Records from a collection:
---

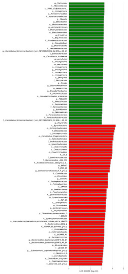 Linear discriminant analysis (LDA) effect size (LEf Se) was used to determine the main phylotypes of bacterial communities under straw return time, fertilizer application management, and return depth. (a) Straw return time, (b) N application management groups, (c) different return depths; the graphs show species with different LDA scores ≥2, i.e., statistically different biomarkers show species with significantly different abundance in different groups; the length of the bar graph represents the effect size of the significantly different species.
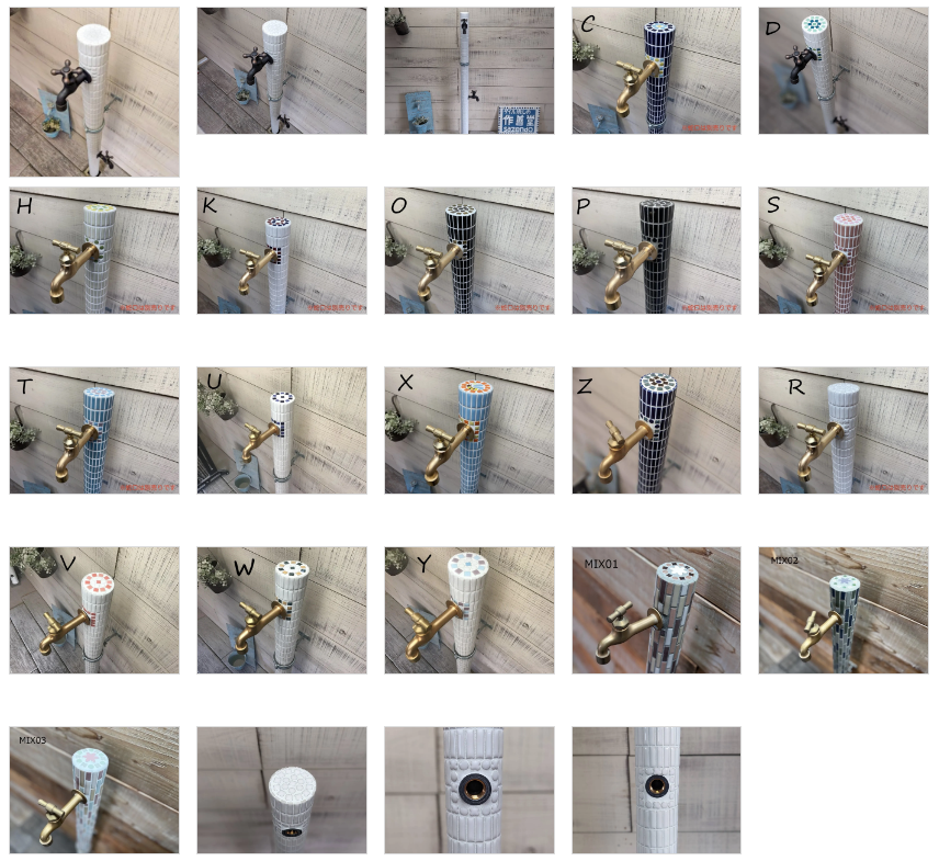 作善堂のタイルシンクや水栓柱はデザインを豊富に揃えております。お客様の家の外壁や、庭の植物に合わせてデザインを選べるので、「我が家らしい」特別な水回りを実現できるかと思います。さらにこだわりたいお客様には水栓柱のオーダーも承っております!
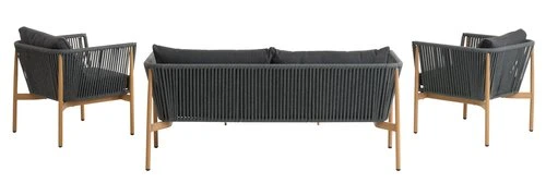 Bord: Aluminium och fibercement. B70 x L110 x H42 cm. 3-sits soffa och stol: Aluminium och UV-skyddad polyester. Inkl. exklusiva dynor med snabbtorkande, strukturvävt överdrag. Överdraget har ett vattentätt skikt på insidan, som hindrar vatten från att komma in i dynan.
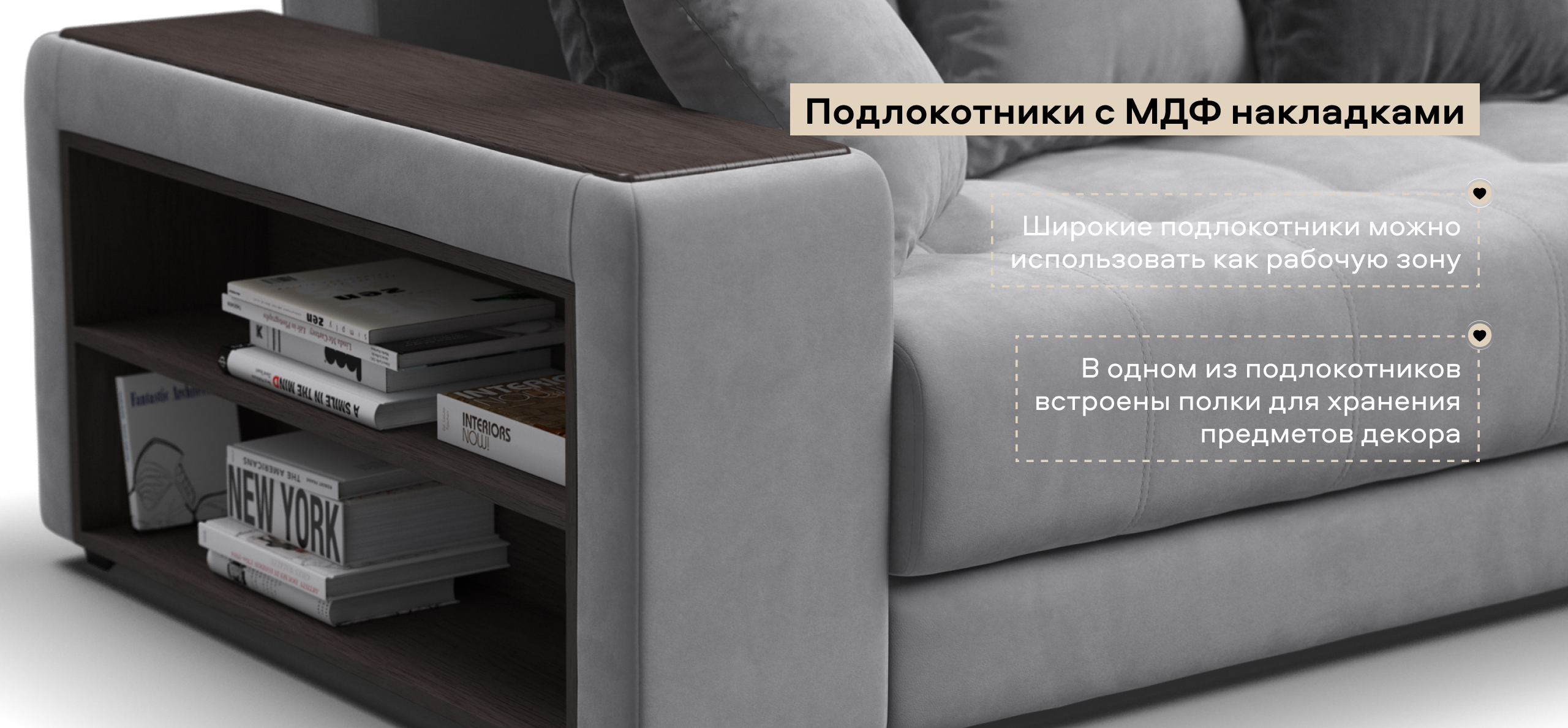 Продуманная конструкция дивана Дубай приятно порадует Вас. Широкие подлокотники имеют вставки из МДФ, благодаря чему их очень удобно использовать в качестве столика, а в одном из подлокотников размещены удобные полки для необходимых мелочей. Теперь Ваш телефон или любимая книга будут всегда под рукой.
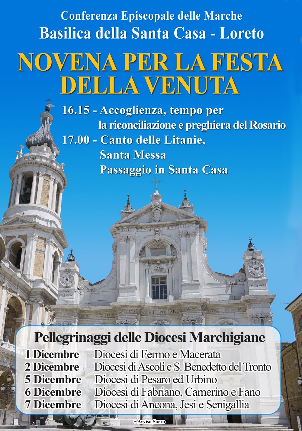 La Delegazione Pontificia è lieta di informare che in occasione della Novena dell’Immacolata per la festa della Venuta, le celebrazioni si svolgeranno come da tradizione con la partecipazione quotidiana delle Diocesi delle Marche. Tale appuntamento è occasione di preparazione alla Festa dell’Immacolata, alla successiva Festa della Venuta, alla celebrazione della B.V. M. di Loreto del 10 dicembre.
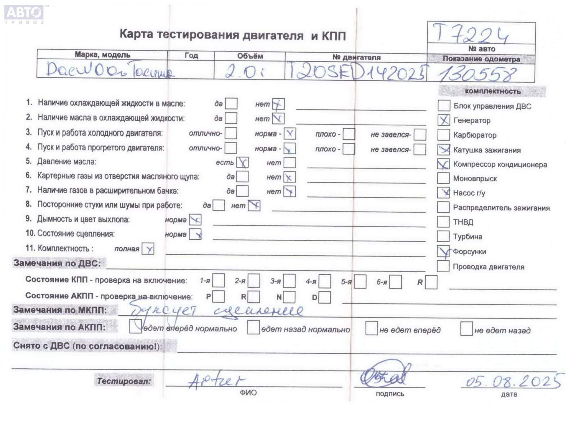| Марка / Модель / Год: | Daewoo Tacuma / Rezzo 2004 |
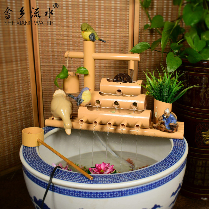 竹子流水摆件鱼缸石槽循环水取代氧气泵过滤器喷泉竹筒水车流水器
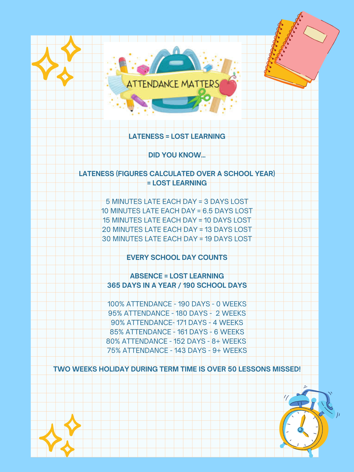 Attendance Matters - Lateness = Lost Learning
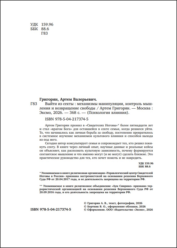 Артем Григорян прожил в «Свидетелях Иеговы»* более пятнадцати лет и стал «врагом Бога» для оставшейся в секте семьи, когда решился уйти. То, что начиналось как личная борьба за свободу, постепенно превратилось в системное изучение механизмов культового влияния и способов выхода из него.
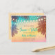 This colourful Save the Date Postcard features a beach scene at sunset with palm trees, a warm sky and hanging lights. The design is perfect for a Summer Wedding, Beach Wedding or Destination Wedding. The illustration and colour palette have a vintage retro feel, while the string lights add a modern and chic touch.
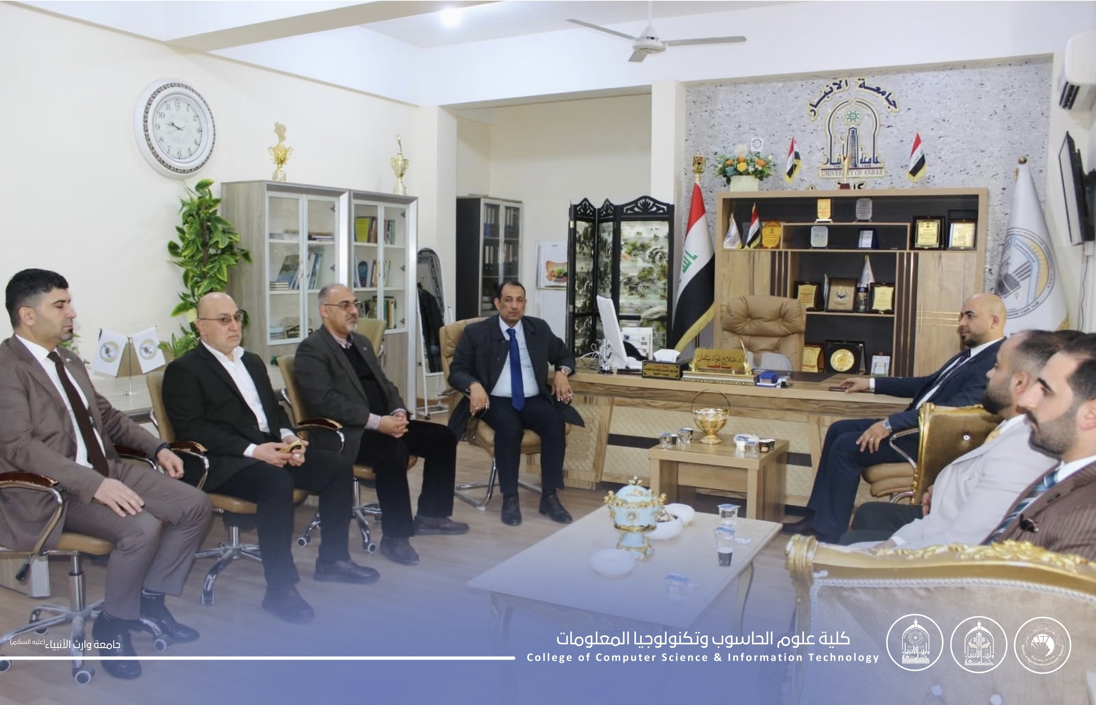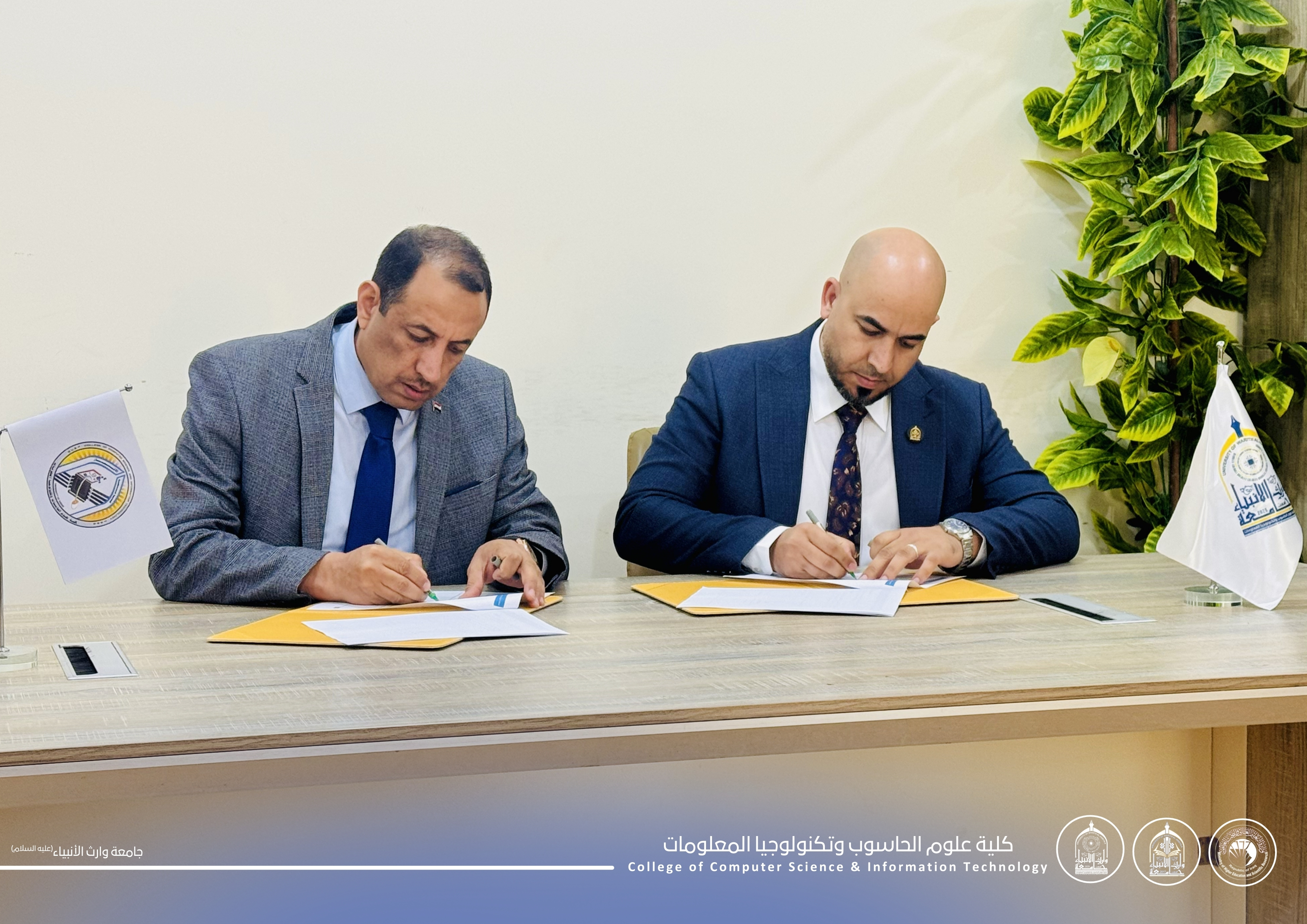 Within the framework of strengthening academic cooperation and exchanging scientific expertise, Assistant Professor Dr. Haider Mohammed Ali Al-Ghanimi, Dean of the College of Computer Science and Information Technology at the University of Warith Al-Anbiyaa (peace be upon him), signed a scientific twinning agreement with Professor Dr. Salah Awwad Salman Al-Issawi, Dean of the College of Computer Science and Information Technology at the University of Anbar.
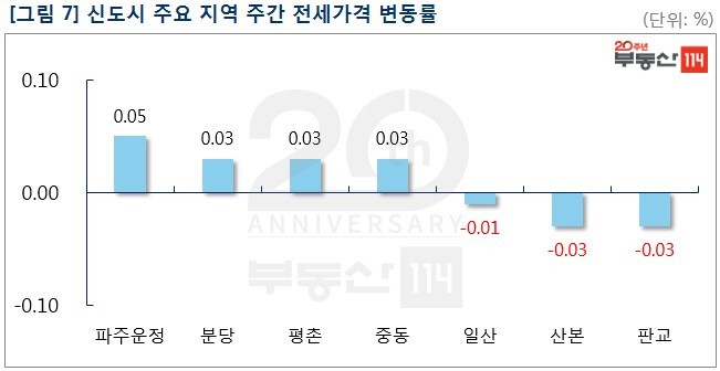 신도시는 △파주운정(0.05%) △분당(0.03%) △평촌(0.03%) △중동(0.03%) 등이 올랐다. 파주운정은 일부 단지에 전세 수요가 늘면서 와동동 가람마을8단지동문굿모닝힐이 250만원 상승했다. 분당은 수내동 양지1단지금호, 서현동 시범한양이 1,000만원-2,500만원 올랐다. 반면 아직까지 전세 수요 움직임이 크지 않은 ▼판교(-0.03%), ▼산본(-0.03%)과 킨텍스 원시티 입주 영향을 받고 있는 ▼일산(-0.01%)은 소폭 내렸다.
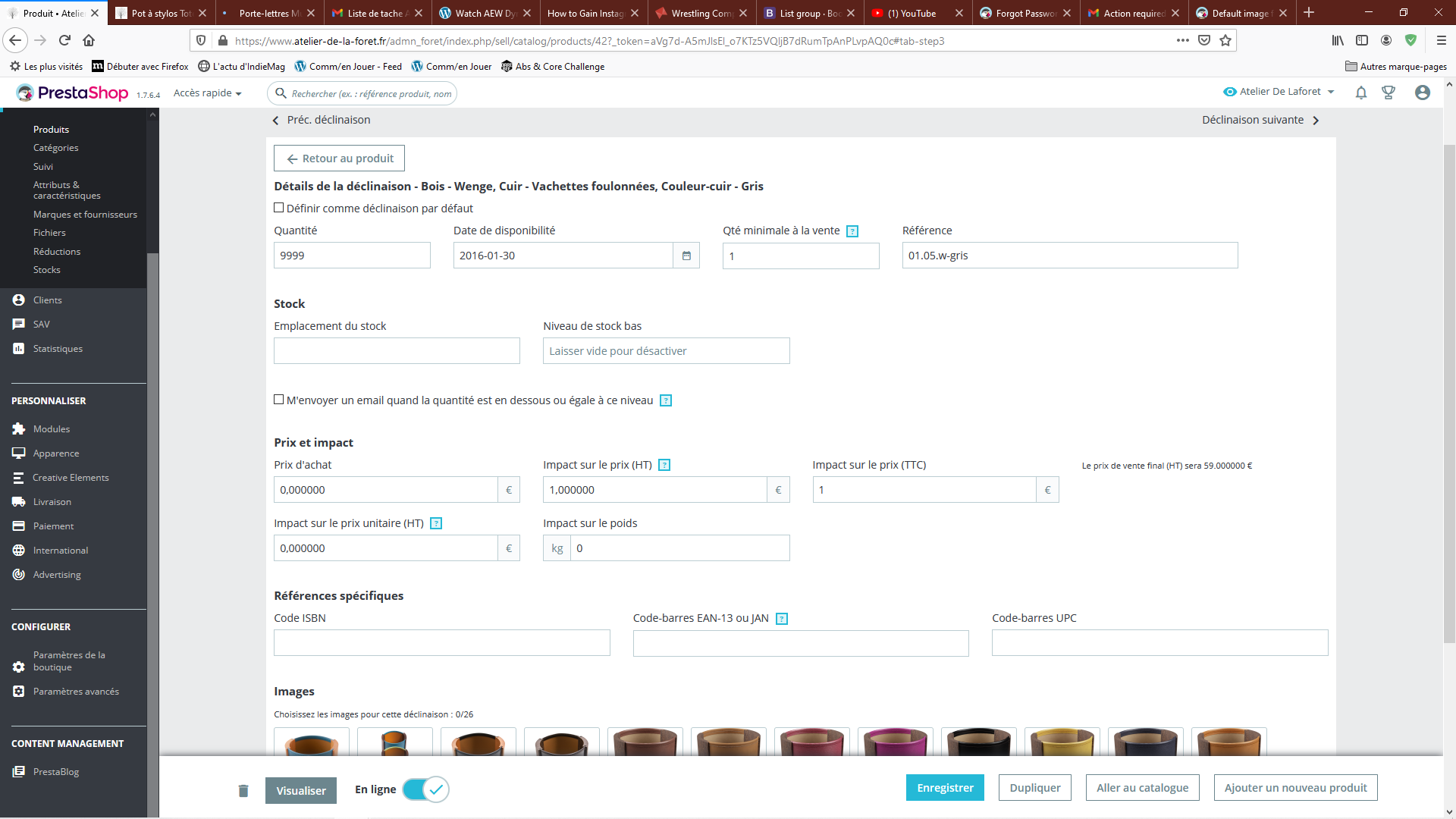 asabry Posted January 22, 2021 Author Share Posted January 22, 2021 My issue is that when for a Combination you do not select one image, it picks all for that product. By default, it chooses everyone one of them. But for "Gris" which don't have any one of them on the back office (image down below), it shows all of them. And that's what I wanna avoid since it makes all the clients into confusion. I'm completely lost about that issue for a long time. Link to comment Share on other sites More sharing options...

---

TASK DIRECTIONS: Every entry above, pictures excluded, needs to be duplicated exactly.

REPLY:
 Linear discriminant analysis (LDA) effect size (LEf Se) was used to determine the main phylotypes of bacterial communities under straw return time, fertilizer application management, and return depth. (a) Straw return time, (b) N application management groups, (c) different return depths; the graphs show species with different LDA scores ≥2, i.e., statistically different biomarkers show species with significantly different abundance in different groups; the length of the bar graph represents the effect size of the significantly different species.
 作善堂のタイルシンクや水栓柱はデザインを豊富に揃えております。お客様の家の外壁や、庭の植物に合わせてデザインを選べるので、「我が家らしい」特別な水回りを実現できるかと思います。さらにこだわりたいお客様には水栓柱のオーダーも承っております!
 Bord: Aluminium och fibercement. B70 x L110 x H42 cm. 3-sits soffa och stol: Aluminium och UV-skyddad polyester. Inkl. exklusiva dynor med snabbtorkande, strukturvävt överdrag. Överdraget har ett vattentätt skikt på insidan, som hindrar vatten från att komma in i dynan.
 Продуманная конструкция дивана Дубай приятно порадует Вас. Широкие подлокотники имеют вставки из МДФ, благодаря чему их очень удобно использовать в качестве столика, а в одном из подлокотников размещены удобные полки для необходимых мелочей. Теперь Ваш телефон или любимая книга будут всегда под рукой.
 La Delegazione Pontificia è lieta di informare che in occasione della Novena dell’Immacolata per la festa della Venuta, le celebrazioni si svolgeranno come da tradizione con la partecipazione quotidiana delle Diocesi delle Marche. Tale appuntamento è occasione di preparazione alla Festa dell’Immacolata, alla successiva Festa della Venuta, alla celebrazione della B.V. M. di Loreto del 10 dicembre.
| Марка / Модель / Год: | Daewoo Tacuma / Rezzo 2004 |
 竹子流水摆件鱼缸石槽循环水取代氧气泵过滤器喷泉竹筒水车流水器
 Attendance Matters - Lateness = Lost Learning
 Артем Григорян прожил в «Свидетелях Иеговы»* более пятнадцати лет и стал «врагом Бога» для оставшейся в секте семьи, когда решился уйти. То, что начиналось как личная борьба за свободу, постепенно превратилось в системное изучение механизмов культового влияния и способов выхода из него.
 This colourful Save the Date Postcard features a beach scene at sunset with palm trees, a warm sky and hanging lights. The design is perfect for a Summer Wedding, Beach Wedding or Destination Wedding. The illustration and colour palette have a vintage retro feel, while the string lights add a modern and chic touch.
 Within the framework of strengthening academic cooperation and exchanging scientific expertise, Assistant Professor Dr. Haider Mohammed Ali Al-Ghanimi, Dean of the College of Computer Science and Information Technology at the University of Warith Al-Anbiyaa (peace be upon him), signed a scientific twinning agreement with Professor Dr. Salah Awwad Salman Al-Issawi, Dean of the College of Computer Science and Information Technology at the University of Anbar.
 신도시는 △파주운정(0.05%) △분당(0.03%) △평촌(0.03%) △중동(0.03%) 등이 올랐다. 파주운정은 일부 단지에 전세 수요가 늘면서 와동동 가람마을8단지동문굿모닝힐이 250만원 상승했다. 분당은 수내동 양지1단지금호, 서현동 시범한양이 1,000만원-2,500만원 올랐다. 반면 아직까지 전세 수요 움직임이 크지 않은 ▼판교(-0.03%), ▼산본(-0.03%)과 킨텍스 원시티 입주 영향을 받고 있는 ▼일산(-0.01%)은 소폭 내렸다.
 asabry Posted January 22, 2021 Author Share Posted January 22, 2021 My issue is that when for a Combination you do not select one image, it picks all for that product. By default, it chooses everyone one of them. But for "Gris" which don't have any one of them on the back office (image down below), it shows all of them. And that's what I wanna avoid since it makes all the clients into confusion. I'm completely lost about that issue for a long time. Link to comment Share on other sites More sharing options...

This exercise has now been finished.